For a brief moment last Thursday, as Brett Kavanaugh began his opening remarks before the Senate Judiciary Committee, I mistakenly thought he sounded contrite, and the sound that I mistook for contrition led me to believe for just a split second that he might actually take responsibility for his actions, apologize to Dr. Christine Blasey Ford, and withdraw his own nomination.
I think we all can agree it truly is adorable that, nearly two years into Donald Trump’s presidency and long after having had the concomitant realization that everyone with whom Trump surrounds himself is profoundly broken and unfailingly awful, I still was somehow capable of such unrealistic optimism.
Far from being contrite, Kavanaugh, in the immediate wake of Dr. Ford’s disturbing, heartfelt and extremely believable testimony — testimony that Kavanaugh, in an admission demonstrative of his own hubris, said he didn’t even bother to watch — summarily dismissed his accuser and then launched into a scathing, hyper-partisan, conspiracy-theory-fueled attack against those who had the audacity to stand between him and a seat of power that a life defined by white-male privilege has convinced him should now be his without further question or delay, regardless of how serious and credible a charge has been leveled against him.
“This confirmation process has become a national disgrace,” he huffed, seemingly oblivious to the fact that he had, just moments earlier, been identified with 100% certainty by a sexual-assault survivor who claimed he had once tried to rape her. “The Constitution gives the Senate an important role in the confirmation process, but you have replaced advice and consent with search and destroy.”
No, Brett Kavanaugh did not come to his hearing with thoughts of contrition — and if he is, in fact, innocent of that which he has been accused, then his lack of contrition is understandable.
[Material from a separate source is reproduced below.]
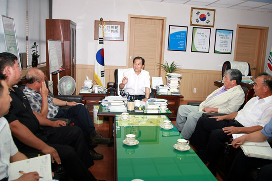 청양군(군수 이석화)은 지난 12일 군수실에서 이석화 청양군수, 군 관계자, 택시업계대표자 등 10여명이 참석한 가운데 지역별택시총량제문제, 택시대기승강장 확대 사항 등 여러 가지 현안사항에 대한 간담회를 가졌다.
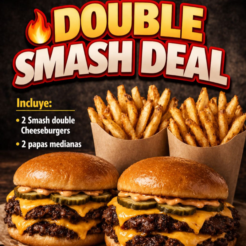 Dos smash burgers dobles con queso americano,pepinillos y nuestra salsa especialde la casa acompañado de papafritas crujientes.

What is neither understandable nor acceptable, however, is a Supreme Court nominee throwing a childish temper tantrum at a time and in a place that most sane people would agree called for a person in his position to demonstrate the utmost in calm, level-headed restraint.
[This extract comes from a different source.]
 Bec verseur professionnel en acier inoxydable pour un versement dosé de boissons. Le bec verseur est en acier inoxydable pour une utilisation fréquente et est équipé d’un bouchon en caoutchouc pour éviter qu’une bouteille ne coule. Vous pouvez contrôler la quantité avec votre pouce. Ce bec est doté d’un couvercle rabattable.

Instead, Kavanaugh behaved not like a man eager to clear his name (as best evidenced by his repeated refusals to agree with calls for an FBI investigation that, were he innocent, would do just that), but, rather, like an obnoxious, spoiled, petulant child who has grown far too accustomed to getting his own way. It was a spectacle wholly unbecoming of the position for which he is vying, and should have been disqualifying in and of itself.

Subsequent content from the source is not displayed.